The area near the stack pointer is displayed. The kernel has no idea what these values mean, but they are the same output as you'd get from gdb displaying the $rsp. So it's up to you to figure what they are. (For example, c03718c1 is a kernel return address, likely - so you can go to /proc/kallsyms to figure it out, or rely on it being in the trace, as it is , next).
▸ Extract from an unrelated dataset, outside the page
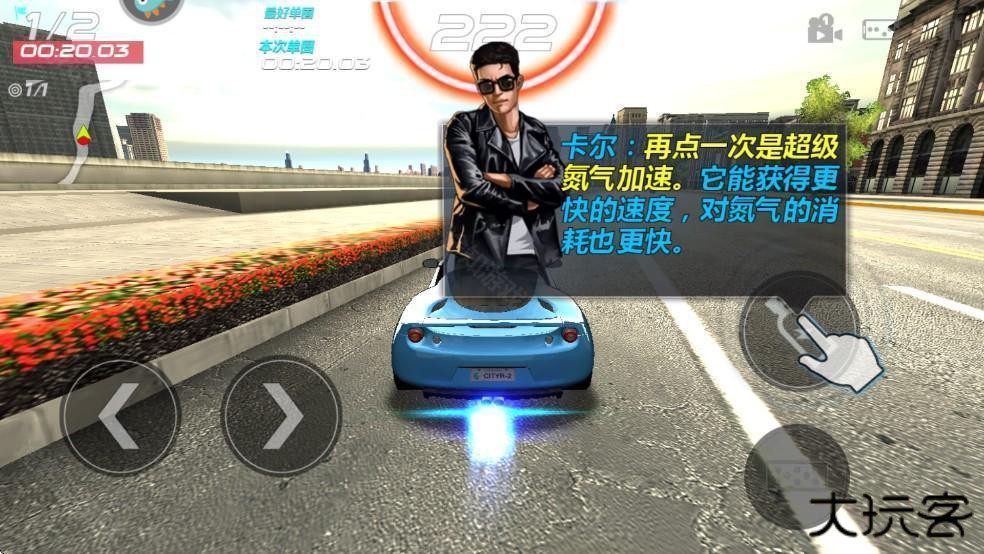 1、打开游戏以后首先进入玩法教程,点击右边的按钮控制车辆方向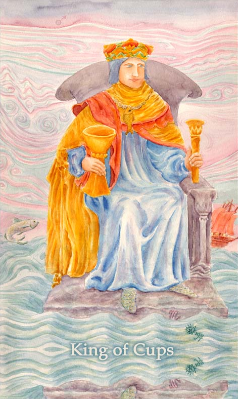 The King of Cups uses his intuition to achieve his ideals. Since Cups are turned inward, and Kings turned to the outside world, this card might be a difficult one, or it could be a powerful one.

This tells you that all the data up to it is the stack frame

Now, because you have the stack call trace, you can put the fragments together:

[10991.880423]  00000000 0000018c 00000000 0000018c e5e903dc e4616353 --> back to write_func  [            ]  ..................................................... 00000009 df99735c [10991.880428]  df900a7c df900a7c b7837000 df80ad80 df99735c 00000009 e46182a4 e2a81f70 [10991.880433]  e28cd800 e09fc840 e28cd800 fffffffb e09fc888 c03718c1  --> back to proc_file_write  [10991.882046] Code: f3 aa 58 59 e9 5a f9 d7 ff 8d 0c 88 e9 12 fa d7 ff 01 d9 e9 7b fa d7 ff 8d 0c 8b e9 73 fa d7 ff 01 d9 eb 03 8d 0c 8b 51 50 31 c0 <f3> aa 58 59 e9 cf fa d7 ff 01 d9 e9 38 fb d7 ff 8d 0c 8b e9 30 

Again, kernel can't disassemble for you (it's oopsing, and might very well panic, give it a break!). But you can use gdb to disassemble these values.

So now you know everything. You can actually disassemble your own module and figure out where exactly in write_func the NULL pointer is dereferenced. (You're probably passing it as an argument to some function).